Pocos arquitectos en la historia latinoamericana han experimentado transformaciones tan profundas en su obra y pensamiento como Juan O’Gorman. Su carrera no fue una línea recta de evolución, sino un giro de casi 180 grados que lo llevó desde los principios más austeros del funcionalismo hasta la integración dramática del arte precolombino en la arquitectura moderna. Esta dualidad no representa una contradicción, sino una búsqueda constante por anclar la identidad mexicana en el futuro.

Nacido en 1905, O’Gorman creció en una época donde México reconstruía sus instituciones tras la Revolución. La arquitectura se convirtió en herramienta política: había que albergar a millones de estudiantes, establecer escuelas rurales, democratizar el acceso a la educación. En los años treinta y cuarenta, O’Gorman respondió a este llamado con una convicción casi militante. Para él, la arquitectura no era arte suntuario, sino servicio social.

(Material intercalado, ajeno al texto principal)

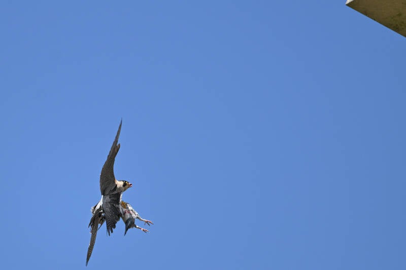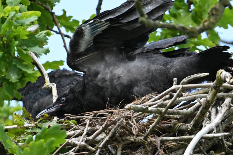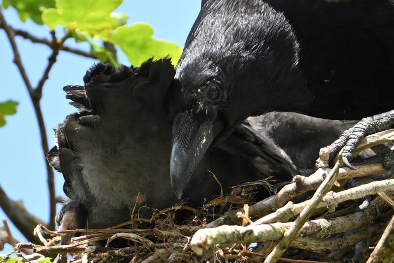Net als Raven komen de oudersvogels niet alleen op het nest om de jongen te voederen, maar inspecteren ze ook regelmatig

Cada línea, cada material debía justificarse por su utilidad.

La fase funcionalista: arquitectura al servicio del pueblo

Durante su colaboración con la Secretaría de Educación Pública bajo el liderazgo de Vasconcelos y sus sucesores, O’Gorman diseñó docenas de escuelas que se esparcieron por el territorio nacional. Estas no eran edificios ornamentados. Eran estructuras racionales, económicas, replicables. Paredes lisas, ventanas estratégicamente ubicadas, cubiertas eficientes. El lujo estaba prohibido; la pedagogía era el decorado.

Pero fue su intervención en las casas-estudio de Diego Rivera y Frida Kahlo en San Ángel la que lo catapultó a la atención internacional. Construidas entre 1931 y 1932, estas residencias fueron laboratorios arquitectónicos donde convivían extremos: espacios amplios para la creación artística con estructuras geométricas puras, colores audaces con líneas sobrias. O’Gorman no construyó casas habitación convencionales, sino máquinas para vivir y crear, en la mejor tradición de Le Corbusier, pero tropicalizadas, mexicanizadas.

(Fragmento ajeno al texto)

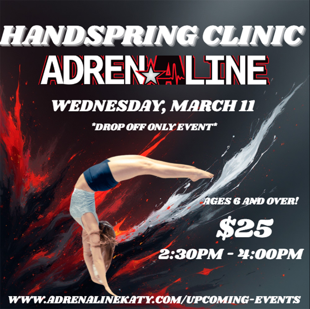 Get ready to level up your tumbling at our exciting Front & Back Handspring Clinic at Adrenaline Athletics. This fun and high-energy clinic is perfect for athletes ready to build...
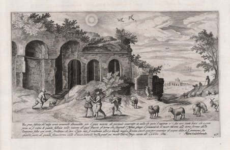 Veduta tratta dalla serie ' Vestigi delle Antichità di Roma Tivoli Pozzuolo et altri luoghi, che Sadeler incide, riprendendole dalla serie del francese Stefano Du Pérac, con la tecnica del bulino e in formato ridotto. L'opera consta di 50 tavole, pubblicate da Marco Sadeler nel 1606 a Praga, attivissimo centro culturale, con lo stesso titolo ' Vestigi delle Antichità di Roma ' e le medesime descrizioni di Du Pérac in lingua italiana, manca la citazione dell'inventore. Incisore di corte presso Rodolfo II, Sadeler aveva compiuto viaggi in Germania e in Italia, soggiornando a Roma nel 1593. Nella sua opera compaiono però anche vedute di “. Tivoli, Pozzuolo et altri luochi”, che mancano in quella di Du Pérac (sono tredici le tavole nuove), nelle quali viene accentuato l'aspetto naturalistico). Bulino, impresso su carta vergata coeva, con margini, perfetto stato di conservazione. View taken from ' Vestigi delle Antichità di Roma Tivoli Pozzuolo et altri luoghi, ' after Etienne Du Pérac. Lettered in lower margin, with publisher's address and with Italian key to letters from within composition: “Marco Sadeler excudit.”. Engraving, 1606, second state with publisher’s address. The work consists of 50 plates first published by Marco Sadeler in 1606 in Prague with the same title and the same descriptions of Du Pérac in Italian. After taht the plates are re issued in Rome by Domenico De’ Rossi. Engraver at the court of Rudolf II, Sadeler had made trips to Germany and Italy, staying in Rome in 1593. In his work appear also views of Tivoli and Pozzuoli missing in that of Du Pérac (are thirteen new plates) in which is emphasized naturalistic. A fine impression, printed on contemporary laid paper, with margins, good condition. Cfr.
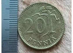 Монета 20 пенни пени Финляндия 1983 герб лев дерево флора хорошая

El giro hacia lo ancestral: la UNAM y sus piedras de identidad

La transformación llegaría en los años cincuenta. Cuando la UNAM encomendó a O’Gorman el recubrimiento de la Biblioteca Central en su nuevo campus, algo cambió fundamentalmente en su visión. En lugar de aceptar una arquitectura internacional descontextualizada, O’Gorman concibió un mosaico monumental de 4,000 metros cuadrados de piedra natural que convertía la fachada en un fresco tridimensional. Utilizó el tezontle —esa piedra volcánica roja característica del altiplano mexicano— como si fuera un pincel, creando composiciones que evocaban códices prehispánicos y narrativas de la historia nacional.

Esta decisión no fue estética caprichosa. O’Gorman argumentaba que la modernidad no podía ser un injerto europeo sin raíces locales. Un edificio moderno en México debía hablar en mexicano. El material, la forma, la ornamentación reinterpretada a través de la tecnología contemporánea, debían contar historias que sus usuarios reconocieran. La Biblioteca Central se convirtió en su manifiesto: modernidad con memoria.

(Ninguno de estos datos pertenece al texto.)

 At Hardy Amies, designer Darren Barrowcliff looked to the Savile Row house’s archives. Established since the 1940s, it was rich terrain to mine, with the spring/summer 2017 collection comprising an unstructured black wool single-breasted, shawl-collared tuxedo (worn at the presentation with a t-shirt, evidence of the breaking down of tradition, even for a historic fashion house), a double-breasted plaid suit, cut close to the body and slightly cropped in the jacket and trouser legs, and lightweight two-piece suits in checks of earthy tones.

De la ingeniería a la poesía visual

Lo fascinante es que ambas fases de O’Gorman no fueron abandono de principios, sino expansión de ellos. El joven arquitecto que diseñaba escuelas económicas seguía creyendo en la democratización. La diferencia era que el O’Gorman maduro comprendía que la democracia también requería belleza, identidad, reconocimiento cultural. Un pueblo que habita espacios anónimos pierde narrativa; un pueblo cuya arquitectura dialoga con su pasado recupera dignidad.

Su legado trasciende los edificios. O’Gorman demostró que los arquitectos latinoamericanos no tenían que elegir entre ser modernos o ser auténticos. La verdadera modernidad, sugería con cada proyecto, es aquella que integra la complejidad local en el lenguaje universal de la forma. Las generaciones posteriores de creadores en México, desde Luis Barragán hasta arquitectos contemporáneos, encontraron en su trabajo una hoja de ruta: la innovación no niega la raíz; la radicaliza.

Hoy, sus escuelas siguen educando, sus casas-estudio siguen inspirando, y la Biblioteca Central de la UNAM sigue siendo un recordatorio de piedra volcánica de que la arquitectura es política, poesía y pedagogía simultáneamente. Juan O’Gorman entendió esto antes que nadie, y la vistió de piedra.